Segment Start: Task data
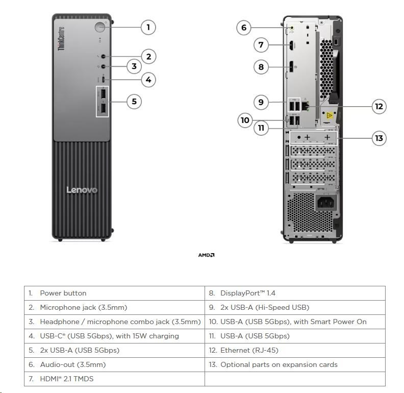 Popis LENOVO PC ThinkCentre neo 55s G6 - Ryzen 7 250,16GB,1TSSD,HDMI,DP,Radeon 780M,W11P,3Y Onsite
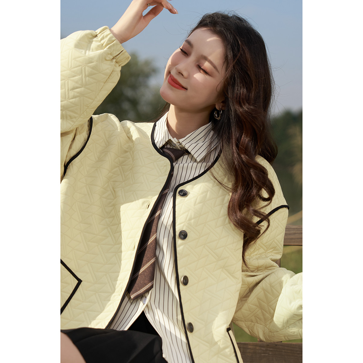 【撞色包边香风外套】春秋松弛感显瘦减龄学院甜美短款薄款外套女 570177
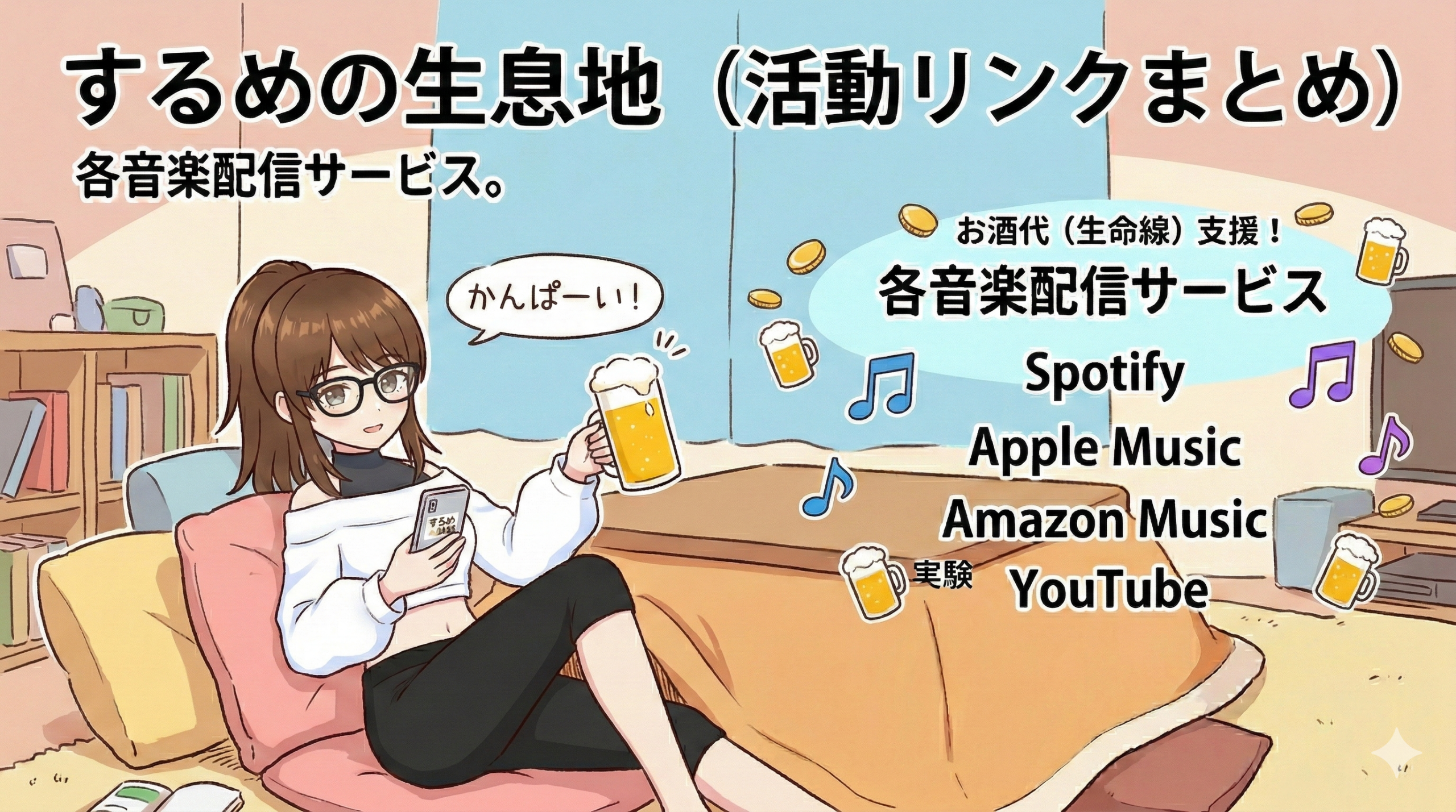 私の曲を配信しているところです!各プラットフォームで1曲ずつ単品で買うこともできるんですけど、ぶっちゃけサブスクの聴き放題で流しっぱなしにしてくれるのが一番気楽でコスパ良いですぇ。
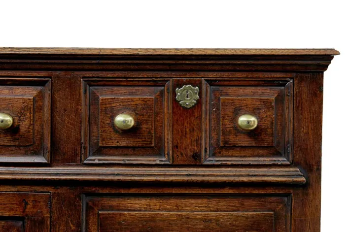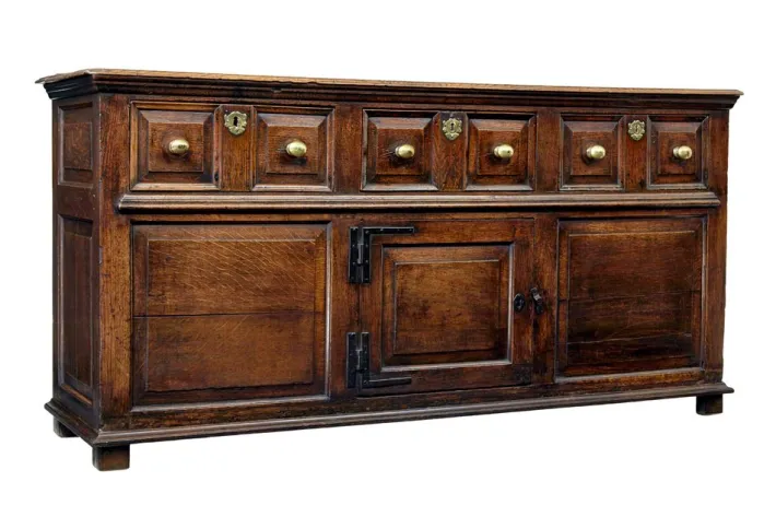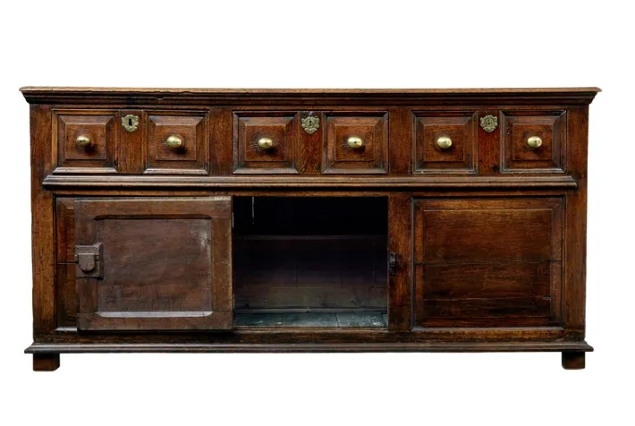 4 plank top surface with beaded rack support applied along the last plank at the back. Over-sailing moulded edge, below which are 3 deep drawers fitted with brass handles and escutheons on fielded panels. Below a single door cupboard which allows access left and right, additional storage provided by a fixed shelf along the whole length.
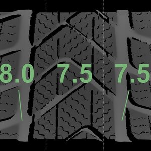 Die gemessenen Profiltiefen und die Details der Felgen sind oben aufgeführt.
Segment End: Task data
● **Activity**: Restate, line by line and word for word, everything from the top of the material through the line that contains "私の曲を配信しているところで". Leave pictures out.

● **Response box**:
 Popis LENOVO PC ThinkCentre neo 55s G6 - Ryzen 7 250,16GB,1TSSD,HDMI,DP,Radeon 780M,W11P,3Y Onsite
 【撞色包边香风外套】春秋松弛感显瘦减龄学院甜美短款薄款外套女 570177
 私の曲を配信しているところです!各プラットフォームで1曲ずつ単品で買うこともできるんですけど、ぶっちゃけサブスクの聴き放題で流しっぱなしにしてくれるのが一番気楽でコスパ良いですぇ。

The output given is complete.